Je dirai malgré tout que cette vie fut belle

La Feuille Volante n°1024– Mars 2016 ans

Je dirai malgré tout que cette vie fut belle – Jean d'Ormesson.

 

Tout au long d'un improbable procès, dont on se doute qu'il sortira acquitté, où il est à la fois le juge et l'accusé, Jean d'Ormesson, bien qu'il s'en défende, si on en juge d'après ses propos dans la presse et même sur la quatrième de couverture, nous offre un livre de Mémoires. Dans cette même quatrième de couverture il demande qu'on ne compte pas sur lui pour livrer des souvenirs d'enfance et de jeunesse... mais se dépêche de faire le contraire ! Et pour faire bonne mesure, il en rajoute un peu sur le thème déjà bien sollicité de la « saga » familiale. C'est un véritable monologue, camouflé sous des dehors peu crédibles (Moi, et Moi souvent rebaptisé Sur-moi), une sorte de dédoublement de la même personne qui fait en alternance les demandes et les réponses, dans le seul but de satisfaire sa grande passion, : nous parler de l'auteur, de sa vie, de ses livres...Encore une fois, comme c'est souvent le cas chez lui, nous assistons à un exercice, certes brillant et passionnant, mais fortement inspiré par le solipsisme! Qu'il appartienne à une grande famille aristocratique, avec tous les attributs de celle-ci, qu'il ait lui-même mené une vie pleine de réussite professionnelle, artistique, culturelle, personnelle… sa dimension entretenue de personnage public le laisse penser, et qu'il puisse, à son âge avancé (90 ans), considérer ce parcours comme beau, est parfaitement admissible ; nous eussions été surpris du contraire, nous ses lecteurs. Il égrène donc pour nous ses souvenirs puisés dans la politique, l'histoire, la littérature, le journalisme et l'amour, un parcours aussi brillant que protéiforme, mais la modestie un peu feinte dont il souhaite se parer me semble un peu fausse quand même. Même s'il voudrait bien donner l'impression de n'être pas grand-chose on sent bien, à le lire, qu'il est conscient de n’être pas comme tout le monde. Il s'exprime avec prolixité et j'ai craint au début de m’ennuyer tout au long de ces presque cinq cents pages mais finalement l'intérêt a pris le dessus, preuve s'il en fallait une qu'il n'est effectivement pas un vulgaire quidam. Il s'exprime avec son érudition coutumière et cette langue française dont il est un des meilleurs serviteurs, et c'est bien entendu un plaisir de le lire.

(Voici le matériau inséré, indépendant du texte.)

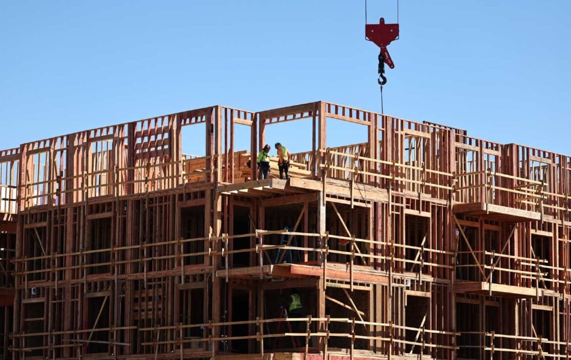 Construction continues on a mixed-use apartment complex that will hold more than 700 units of housing and 95,000 square feet of commercial space on August 20, 2024, in Los Angeles.
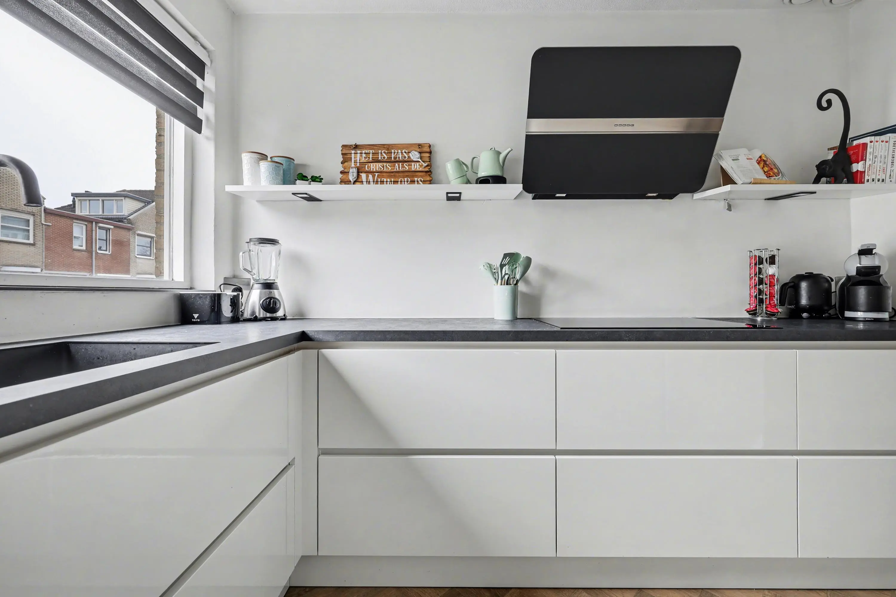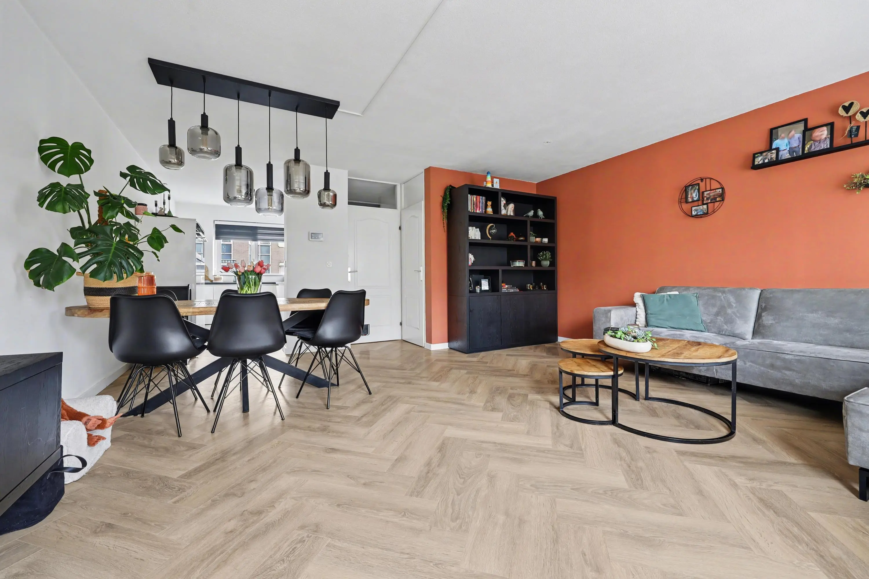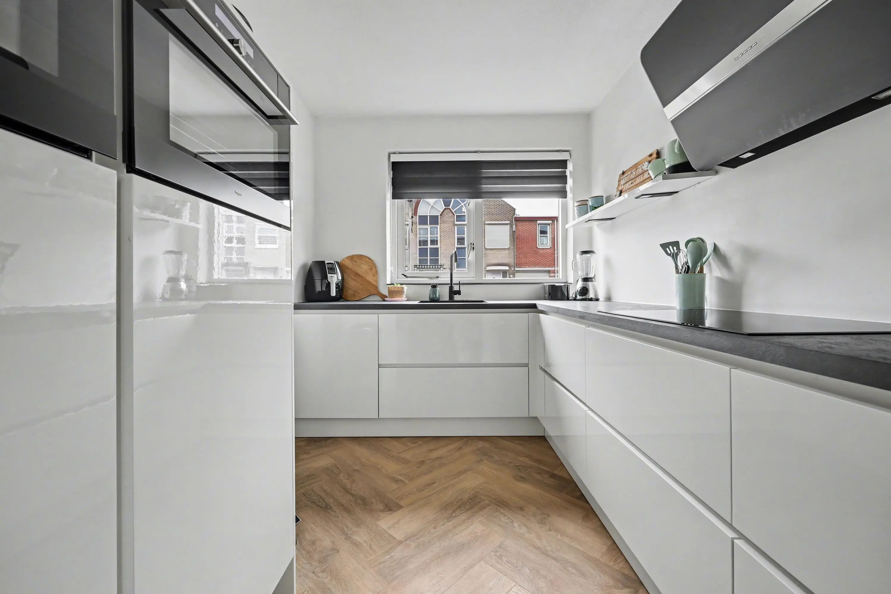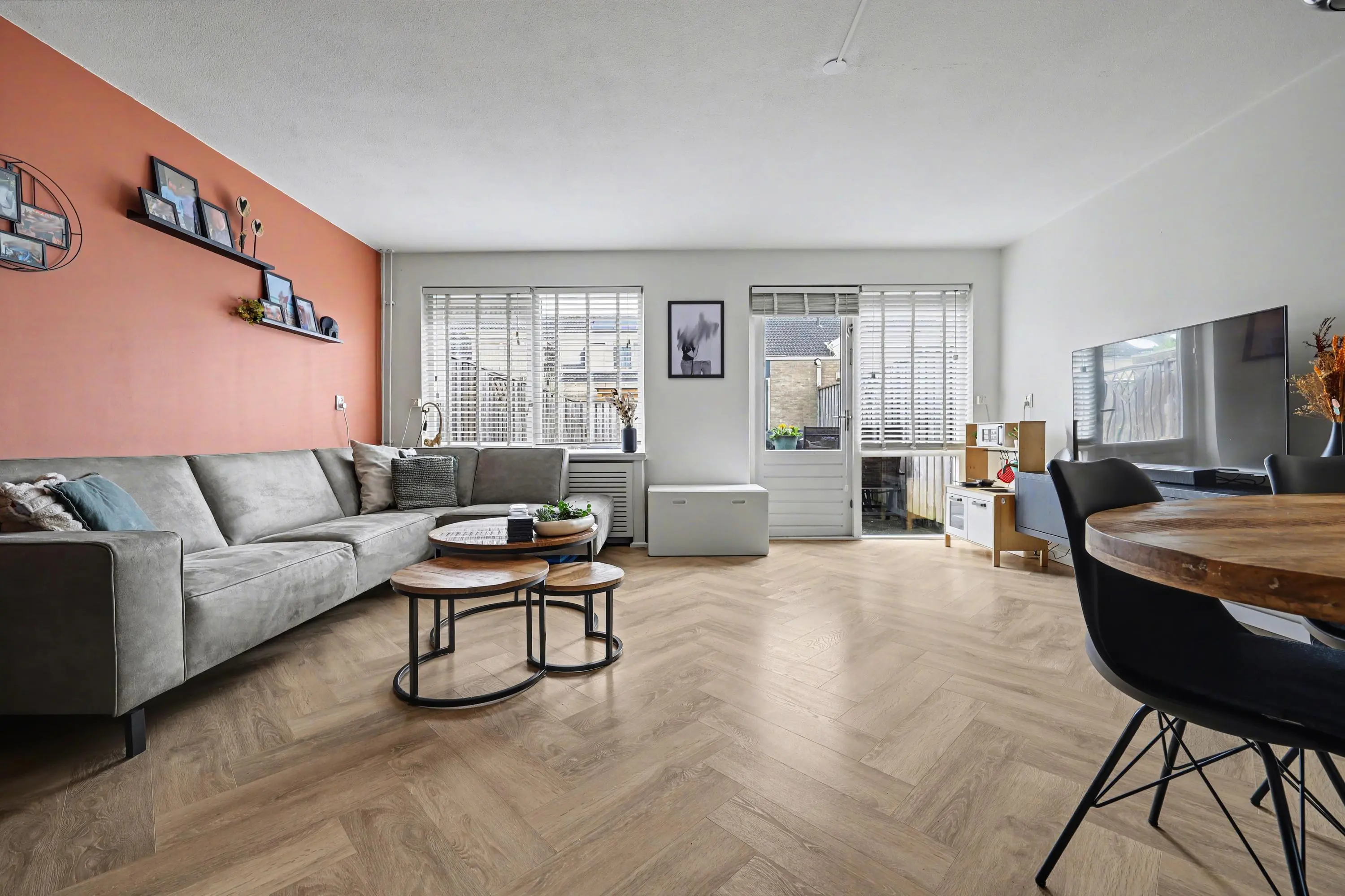 Hal/entree met PVC vloer (gehele begane grond), trapopgang en meterkast. Moderne toiletruimte met wandcloset en fonteintje. Tuingerichte woonkamer met veel lichtinval, trap-/bergkast en deur naar de achtertuin. Open keuken in L-opstelling uitgevoerd met een inductie kookplaat met afzuigkap, vaatwasmachine en meer dan voldoende bergruimte door de vele lades. Tevens een rechte wandopstelling met daarin de koel- vriescombinatie, combi-oven en (magnetron) oven.
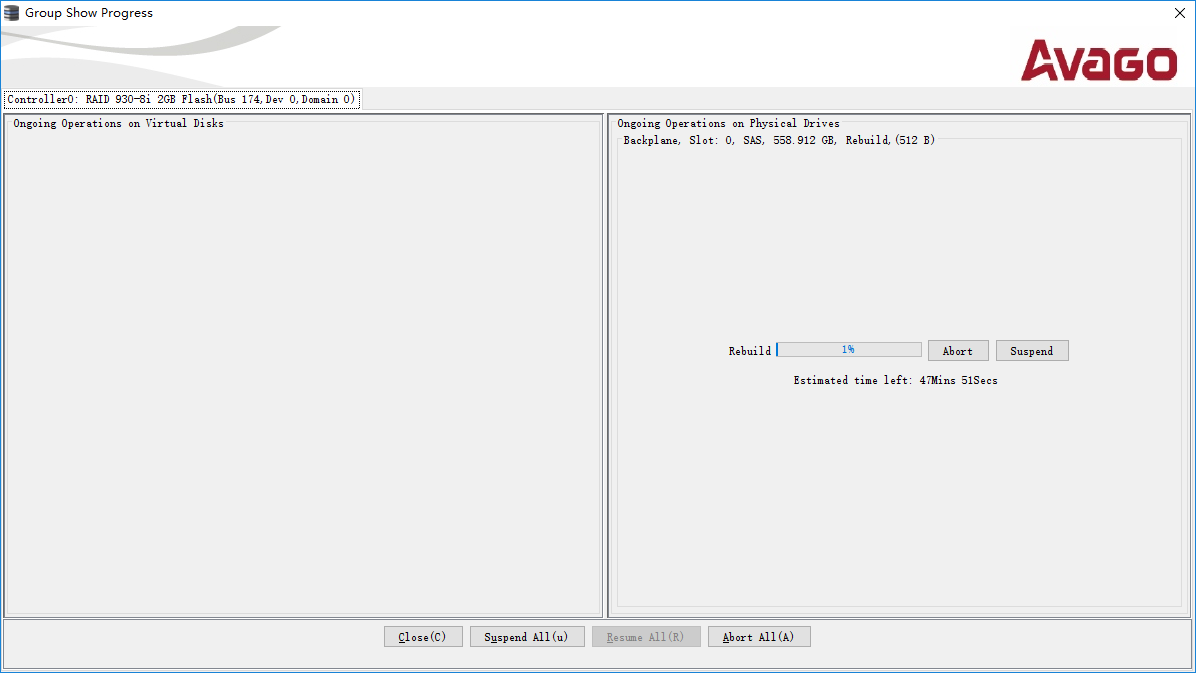 3、在扩容和迁移操作开始后,将不能中止操作,且耗时较长(取决于阵列容量及磁盘类型),请勿中途关机和断电。
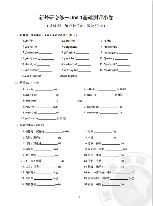 测评小卷:教学中重要的一个环节,学生在学习完新教材内容后,通过测评小卷查缺补漏,可以巩固词汇基础知识,夯实学生基础。
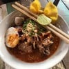 บะหมี่ร้านนี้เป็นบะหมี่เส้นแบนค่ะ หาทานได้ไม่ง่ายค่ะ อร่อยใช้ได้เลยค่ะ ต้มยำรสชาติกลมกล่อม ต้มจืดซดน้ำอร่อยคล่องคอค่ะ จัดว่าดีงามค่ะ กิมมิคคือเกี๊ยวปูกเป็นโบสถ์ทอดค่ะ จัดว่าน่ารักฟรุ้งฟริ้งเลยค่ะ เป็นอีกร้านที่แนะนำค่ะดูเพิ่มเติม
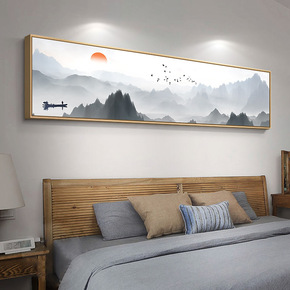 现代中式床头挂画 禅意水墨意境山水花鸟国画酒店床头...
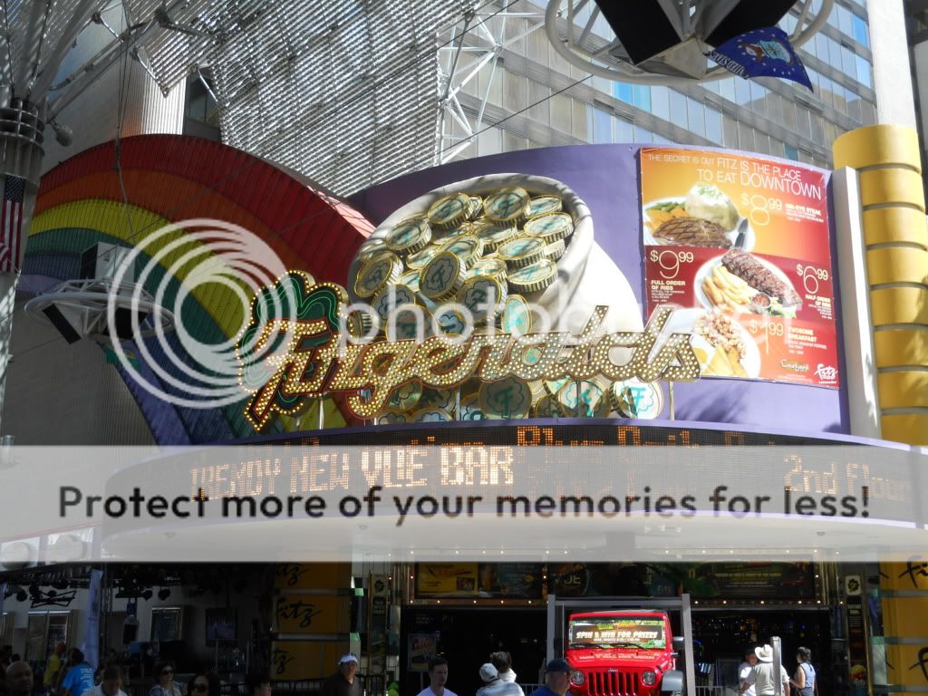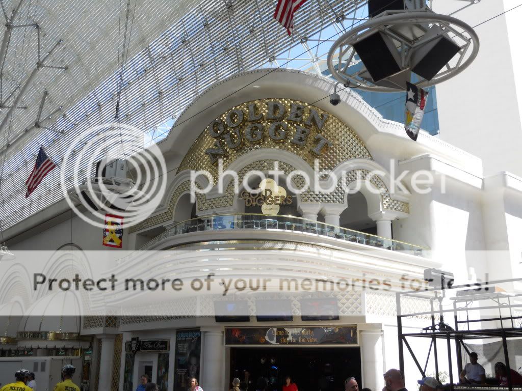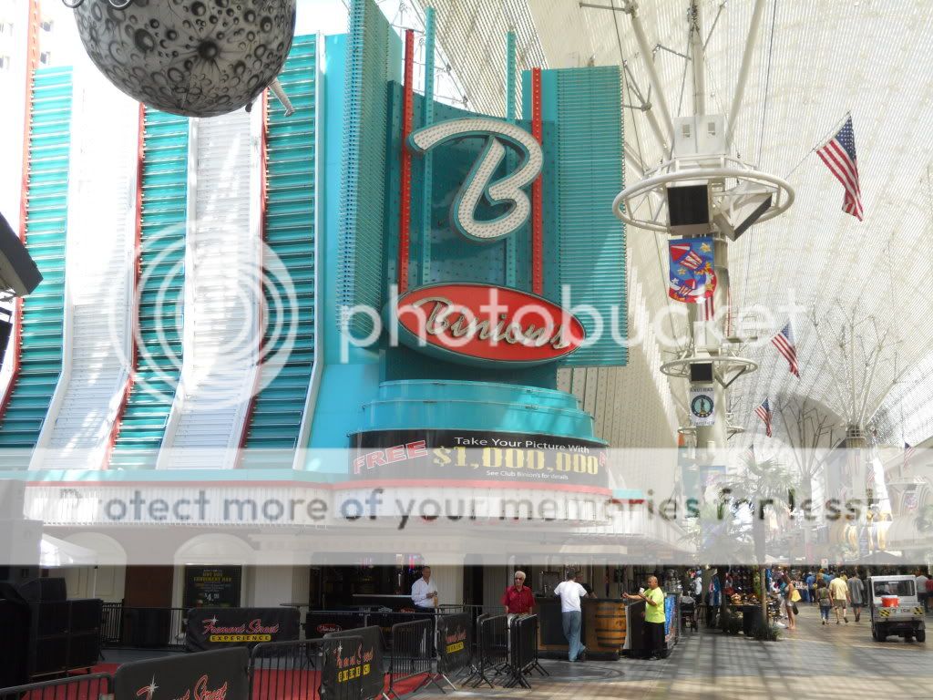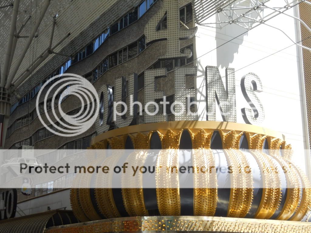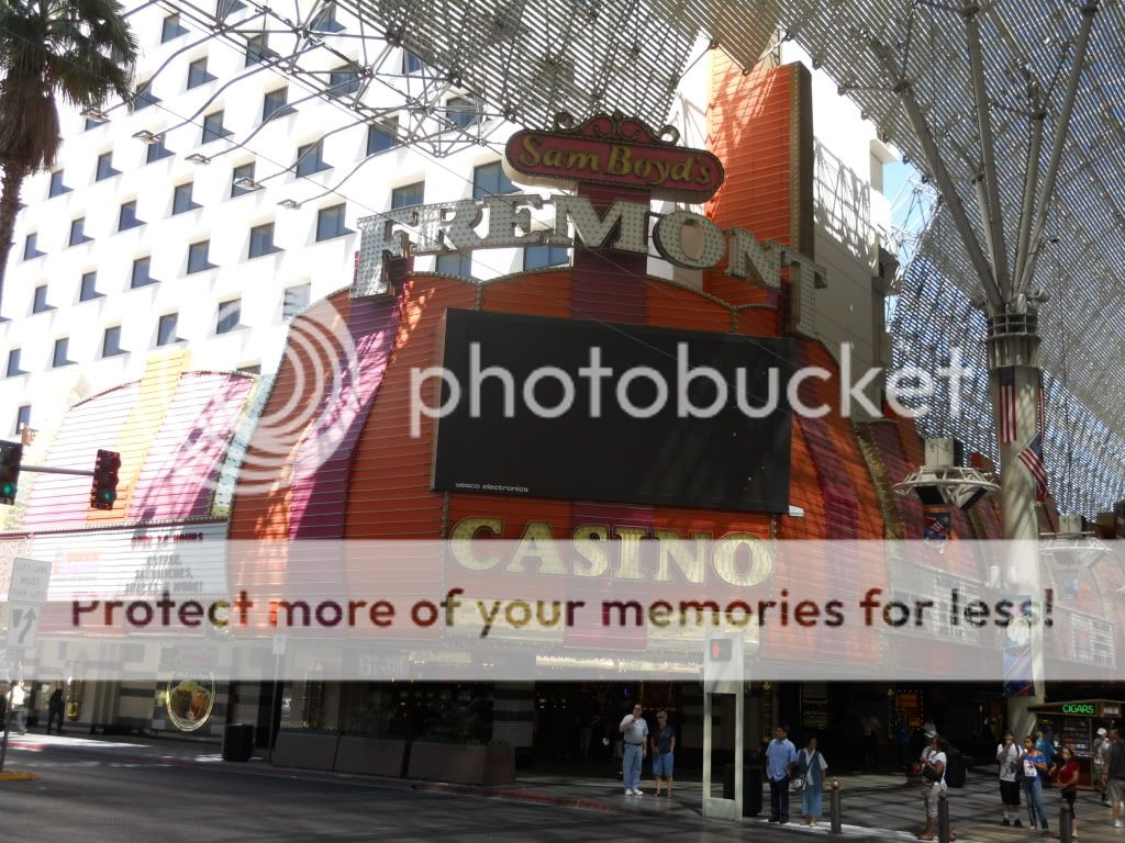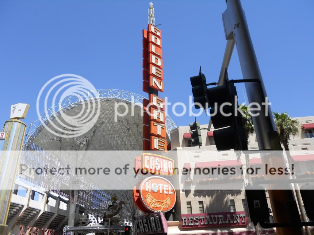 I walked into Freemont Street. The first place was the Golden Gate, the oldest hotel here. Everything is pretty much the same as it always has been except along with the demise of the 99-cent shrimp dish, the grand piano is gone as well. I gave craps a shot, and after laying the odds for a 5 to come up, I shot down $11.

Il nous confie son admiration pour les hommes qui bien souvent furent ses maîtres et parfois ses amis et pour les femmes qui ne furent pas toutes ses maîtresses mais dont la beauté sut l'émouvoir. Certes il a commis des fautes et les confesse sans détour mais c'est aussi une manière de se mettre en valeur. Il parle aussi, bien sûr, de l'Académie dont rêve tout écrivain. Il y siège depuis longtemps, Immortel que ces lieux impressionnent, mais qui aurait ressenti comme une insulte personnelle de n'y pas figurer simplement peut-être pour que son nom et son œuvre ne soient pas oubliés définitivement avec sa mort. De cette vénérable institution, dont il fut le plus jeune académicien et dont il est maintenant le doyen, il parle comme d'une assemblée de notables des Lettres mais aussi d'un repère de trublions, friands de petites avanies ou de blagues de potaches, l'esprit en plus, évidemment ! S'il sait reconnaître ceux qui l'ont aidé, c'est aussi une manière de dire que ceux-là ne se sont pas trompés et que, lui donnant leur appui, ils l'ont fait pour un être exceptionnel, c'est à dire lui ! Au cours de ce procès un peu surréaliste où on se demande bien ce qui lui est au juste reproché, à part peut-être avoir existé, il en profite pour réaffirmer son amour du monde, de la vie, pour déplorer un nouvelle fois la condition humaine dans tous ses aspects, la naissance par hasard, le temps qui passe et la mort inévitable, pour réaffirmer sa croyance en Dieu comme il l'avait fait notamment dans « Un jour je m'en irai sans en avoir tout dit ». Je ne le connais qu'à travers ses livres, c'est à dire mal, mais il me semble qu'il est friand de reconnaissance, avec tout ce que cela comporte de rituels et même d'hypocrisie mais j'avoue qu'il joue parfaitement son rôle dans ce procès imaginaire.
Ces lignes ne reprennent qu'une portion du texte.